President Putin: No obstacles for Iran to join SCO

Russian President Vladimir Putin says there are no obstacles left for Iran to join the Shanghai Cooperation Organisation (SCO), a regional security and economic cooperation body led by China and Russia.

“We believe that after Iran’s nuclear problem was solved and United Nations sanctions lifted, there have been no obstacles left (for Iran’s membership in the SCO),” Putin told an SCO summit in the Uzbek capital Tashkent on Friday.

Earlier, reports from the summit said SCO members had failed to initiate the accession process for Iran which expected to make it into the emerging power group after the lifting of sanctions.

“We failed to reach an agreement with our colleagues this time, but the work continues,” special Russian envoy to the SCO Bakhtiyor Khakimov said.

He said there were no objections to the idea of Iran’s full membership “in principle,” but there were “technical nuances” related to the timing which he did not elaborate.

“The Russian position is clear in its support of initiating the SCO admission process [for Iran] without delays, if possible,” Khakimov said.

Iranian Foreign Minister Mohammad Javad Zarif arrived in Tashkent early Friday to attend the summit. The country, which has an observer status on the SCO, had sent President Hassan Rouhani to the forum held in the Russian city of Ufa last year.

Iran has long sought membership in the SCO but the group kept the country waiting until it reached an agreement with the US, Europe and other key international players on its nuclear program.

With the addition of Iran, the group would control around a fifth of the world’s oil and represent nearly a half of the global population.

Russian Putin and his Chinese counterpart Xi Jinping are attending the Tashkent summit as is Indian Prime Minister Narendra Modi.

The organization is expected to get India and Pakistan on its roster even as the two atomic archrivals would have to wait until the 2017 summit for a formal seat among its members.

There is optimism that the entry of India and Pakistan into the grouping will have a sobering effect on the two countries’ strained relations.

The SCO was founded in 2001 and has six full members, namely Kazakhstan, China, Kyrgyzstan, Russia, Tajikistan, and Uzbekistan.
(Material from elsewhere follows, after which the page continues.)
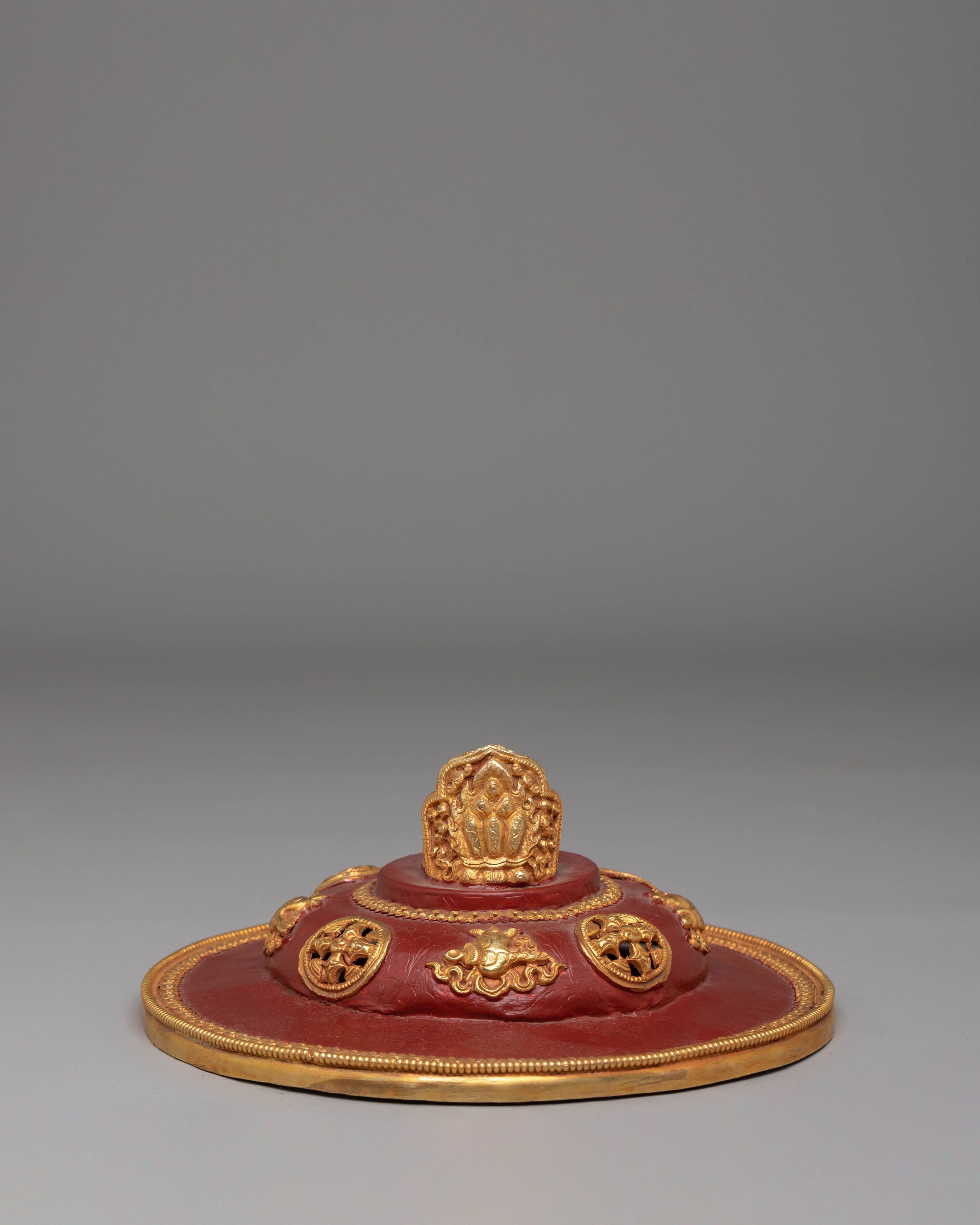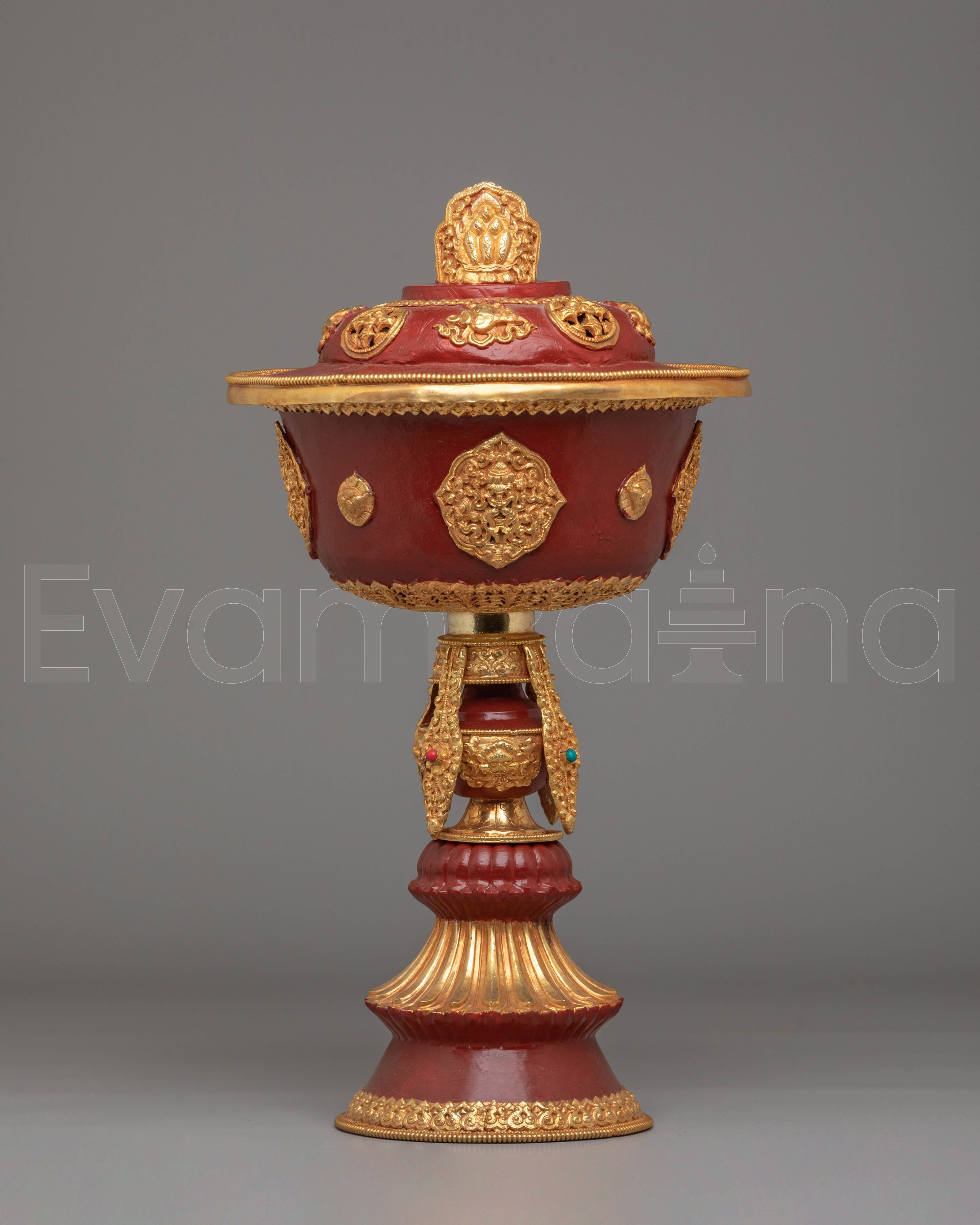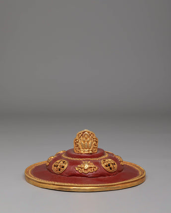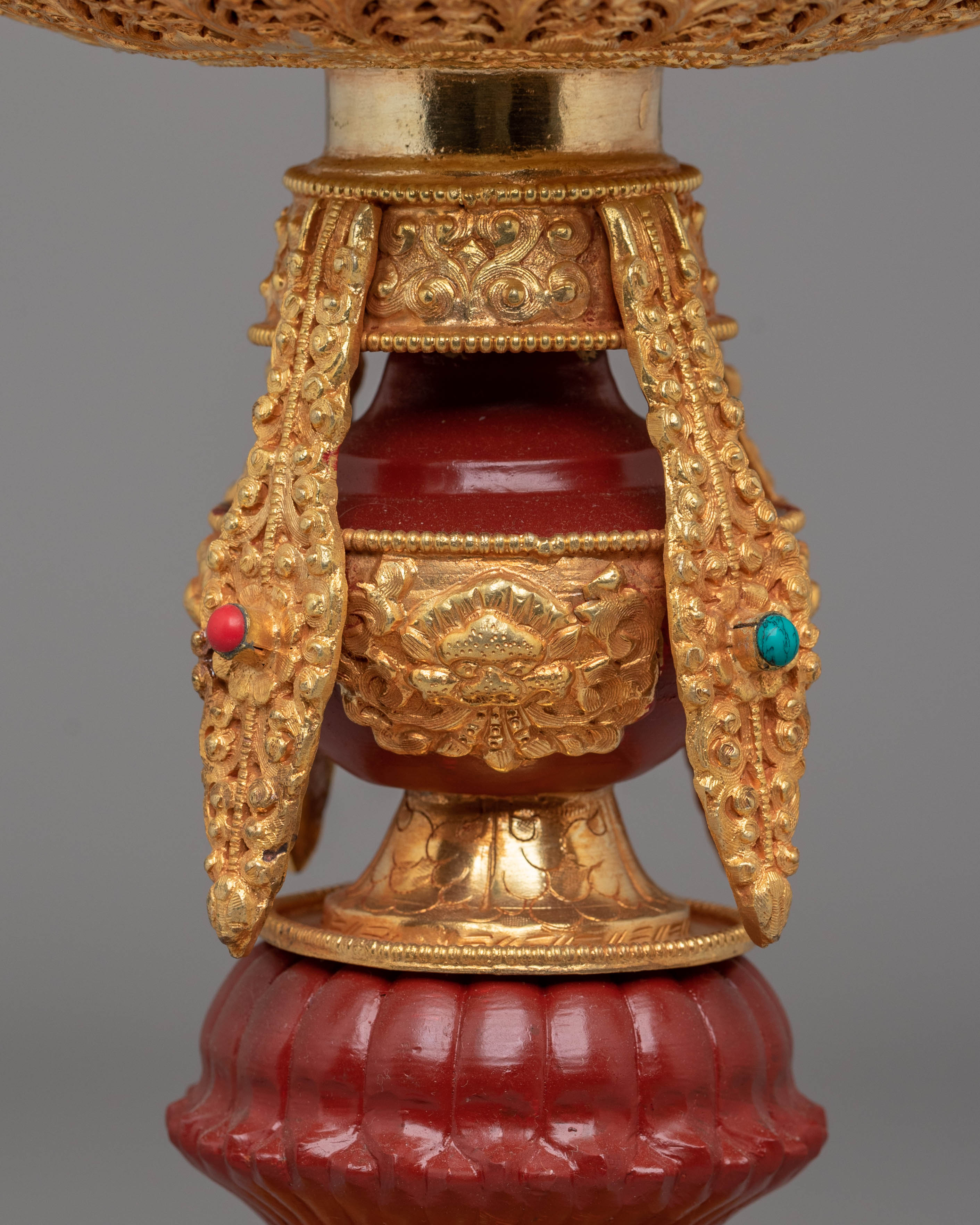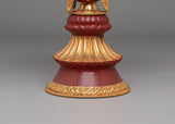 The Tibetan butter lamp is a sacred offering in Buddhist practice, symbolizing the dispelling of ignorance and the illumination of the path to enlightenment. The gold plating reflects purity and wisdom, while the gemstones incorporated into the design bring added healing and protection. The inner depth of 9.5 cm allows an adequate amount of butter to be placed for burning, making it both functional and spiritual. The intricate acrylic color and delicate motifs enhance its decorative qualities, making it a cherished centerpiece in any spiritual setting.

Afghanistan, India, Mongolia, Belarus, India, and Pakistan are also observer members.

At the 15th anniversary of its establishment, the SCO is expected to release a declaration upon finalization in Tashkent.

The SCO has sought unity with the BRICS group of world countries – Brazil, India, South Africa, China and Russia. The two bodies have agreed to coordinate efforts to keep their economies stable, launched a development bank and agreed on a currency pool.